Canadian North-West painter, died in 1945, did forests, abandoned Canadian tribal villages, totem poles, sea canoes…  She had several different styles – two  of these paintings could be Duncan Grant, a few others are close to Fauves, there’s a room of swirly treescapes that could be anthroposophical (except the colours were different), a few more that used the Van Gogh short line marks… Many of the paintings are oil on paper, which is not the best medium; they look somewhat brown and dowdy.  Canvases are better.  Oddly, she had connections with Mark Tobey, who I had always thought was a sort of abstract expressionist – his paintings are often in books on AbExes, anyway.  Turns out he was a “spiritual” painter (Baha’i faith) so they’re not really abex at all – more like visions of heaven or wherever.  The other painter mentioned in the exhibition blurb in connection with her  is the execrable Lawren Harris, member of the Seven, and painter of the white blancmange mountains (see previous Blackpaint).

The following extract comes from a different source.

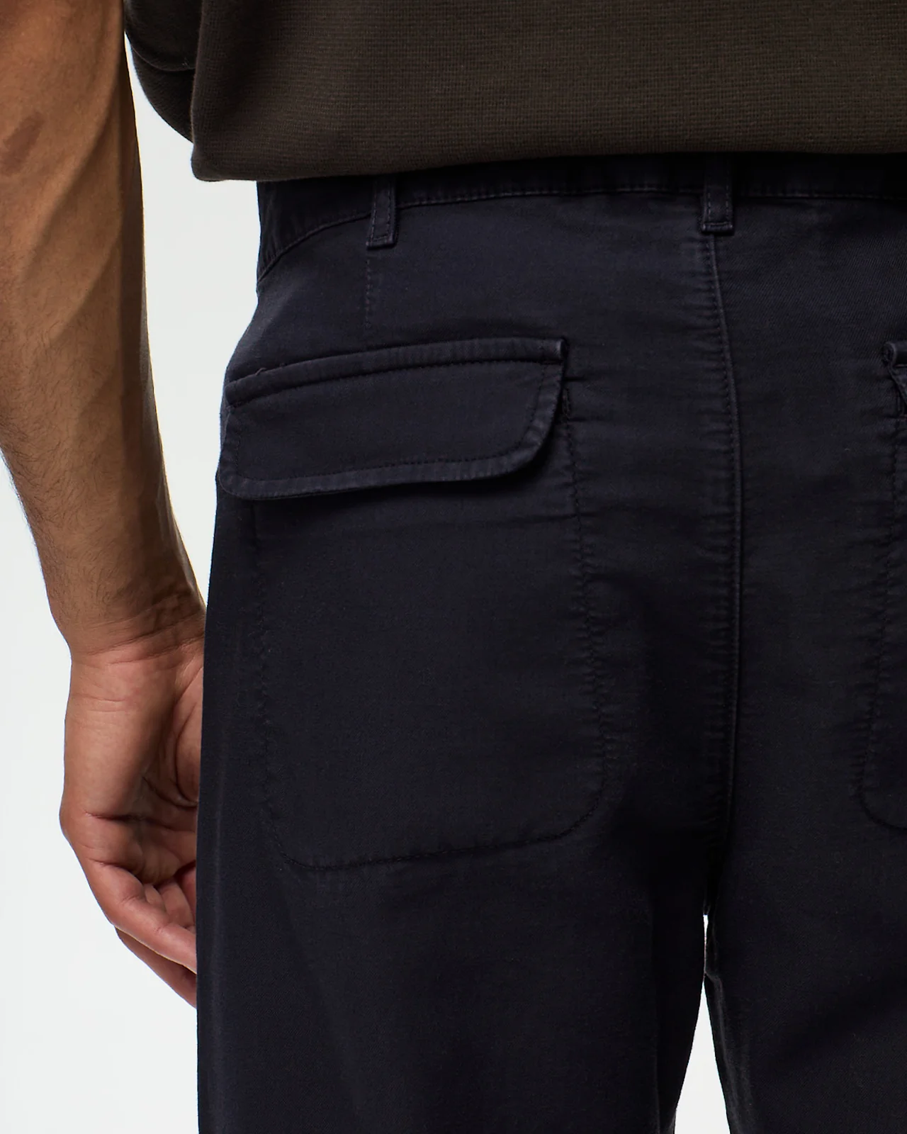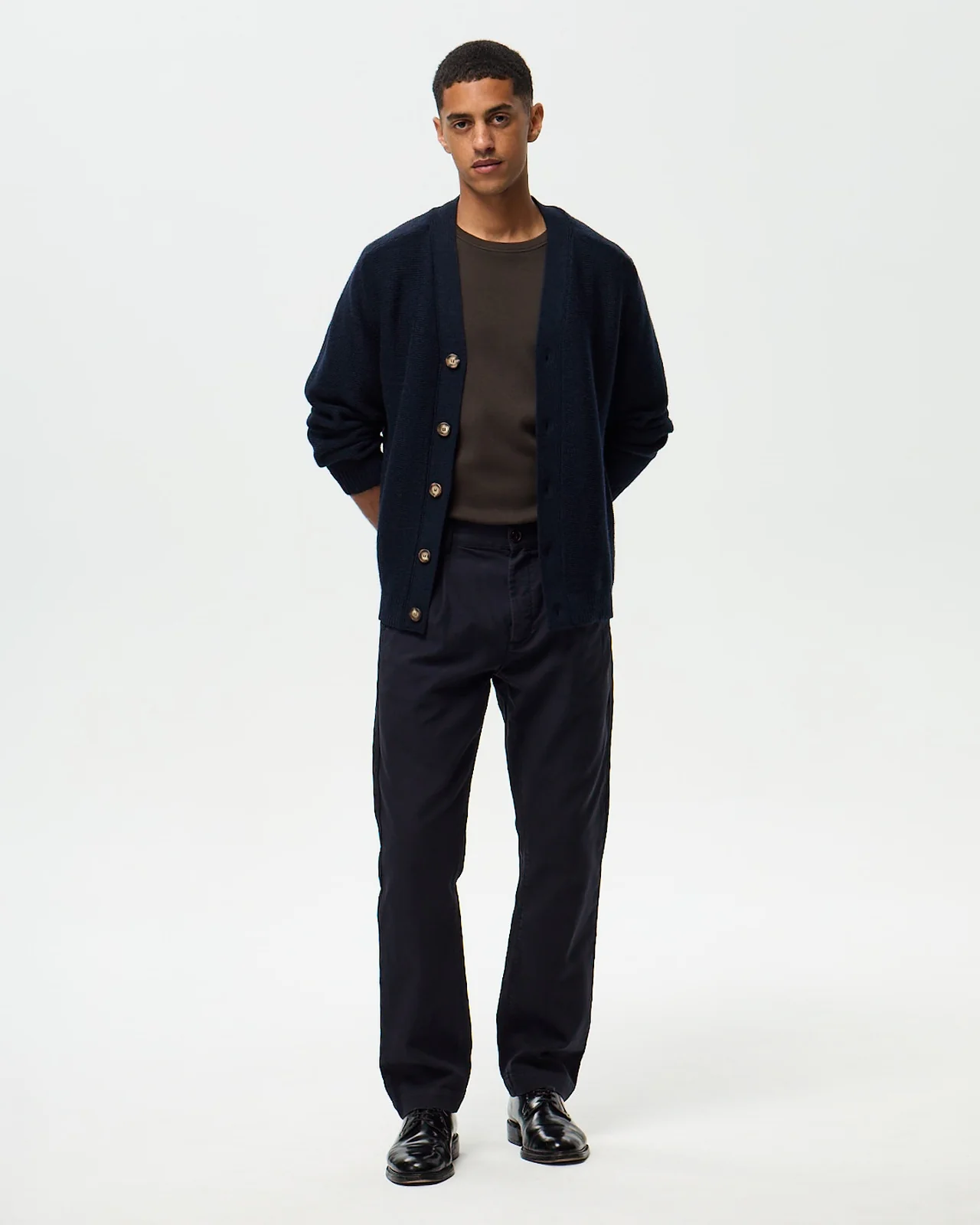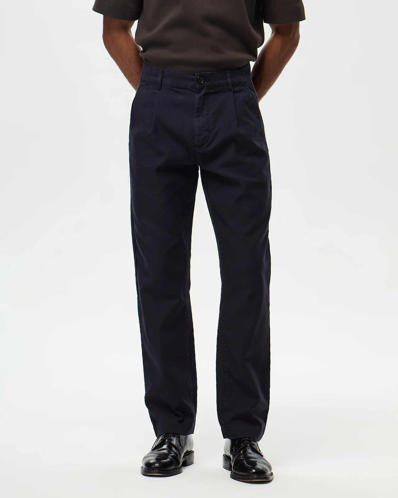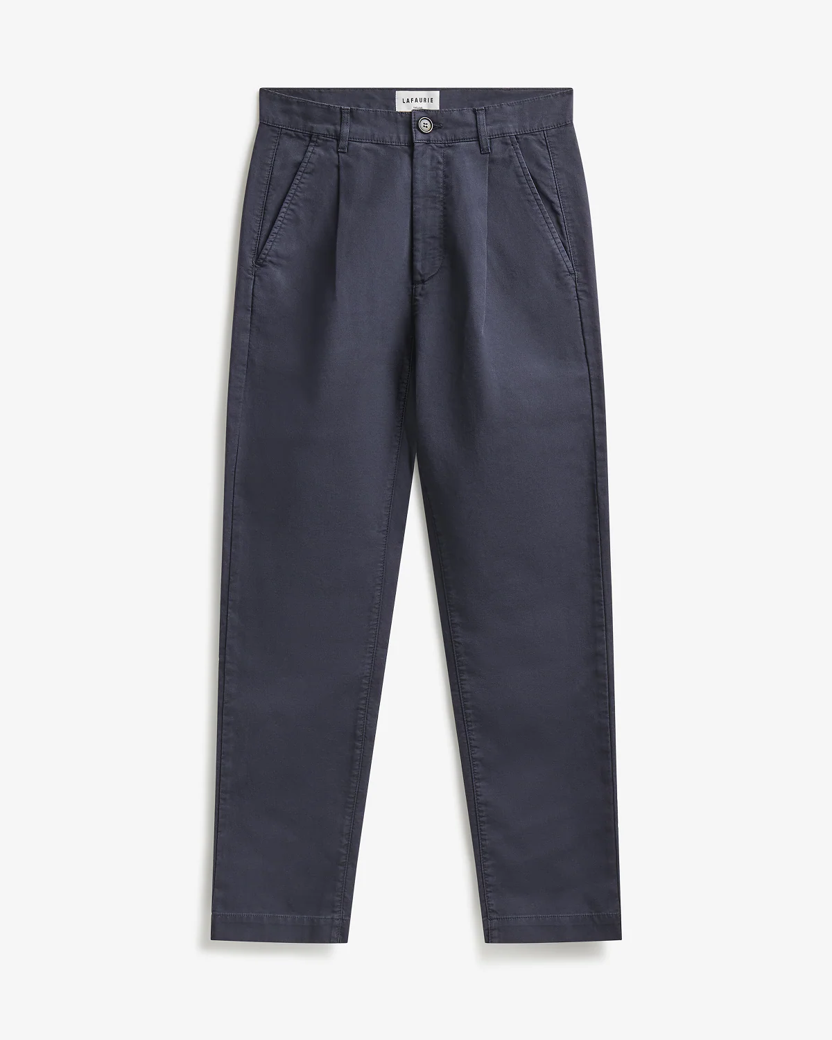 Le chino à plis pour un confort moderne, l’incontournable du vestiaire masculin. Confectionné en 100% coton italien, une toile souple et dense au toucher légèrement duveteux et à la belle tenue. Coupe droite confortable pour une silhouette ample mais structurée. Poches italiennes et poches dos à rabats boutonnés. Coloris marine intemporel et polyvalent. Fabrication marocaine.

Tree trunks and totem poles – bit phallic, really.  I could see her in therapy with Rebecca Front on “Psychobitches” (Sky Arts)…

emily carr1 emily carr2

 

London Countryway

For the last five years, a couple of friends and I have been walking in the countryside around Orpington in Kent (we only have one map) and following the various “Green” urban footpaths around London.  Judging by the following, Jonathan Meades had already done all our routes.  I came across this in his essay “Hamas and Kibbutz” – it’s pretty close to poetry:

…roads to nowhere whose gravel aggregate is that of ad hoc Second World War fighter runways, decrepit Victorian oriental pumping stations, rats, asbestos sheets piled up in what for obvious reasons  cannot be called pyres, supermarket trolleys in toxic canals, rotting foxes, used condoms,  pitta bread with green mould, ancient chevaux de frise, newish chevaux de frise, polythene bags caught on branches and billowing like windsocks, greasy carpet tiles, countless gauges of wire – sturdy strands it takes industrial kit to cut through, wire gates in metal frames, rolls of barbed wire like magnified hair curlers in an old time northern sitcom, chicken wire, rusting grids of reinforcing wire – flaking private/keep out signs that have been ignored since the day they were erected, goose grass, artificial hillocks of smelt, collapsing Nissen huts, huts full stop, shacks built out of doors and car panels, skeins of torn tights in milky puddles, metal stakes with pointed tops, burnt-out cars, burnt-out houses,  abandoned cars, abandoned chemical drums, abandoned cooking oil drums, abandoned washing machine drums, squashed feathers, tidal mud, an embanked former railway line, fences made of horizontal planks, fences made of vertical planks, a shoe, vestigial lanes lined with May bushes, a hawser, soggy burlap sacks, ground elder, a wheelless buggy, perished underlay, buddleia,  a pavement blocked by a container, cracked plastic pipes, a ceramic rheostat, a car battery warehouse constellated with CCTV cameras, a couple of scraggy horses on a patch of mud, the Germolene – pink premises of a salmon smoker, sluice gates, swarf Alps, a crumpled Portakabin, a concrete block the size of a van, bricked-up windows,  travellers’ caravans and washing lines, a ravine filled with worn car tyres, jackdaws, herons, jays, a petrol pump pitted and crisp as an overcooked biscuit, traffic cones, oxygen cylinders, a bridge made of railway sleepers across duckweed, an oasis of scrupulously tended allotments. (2008)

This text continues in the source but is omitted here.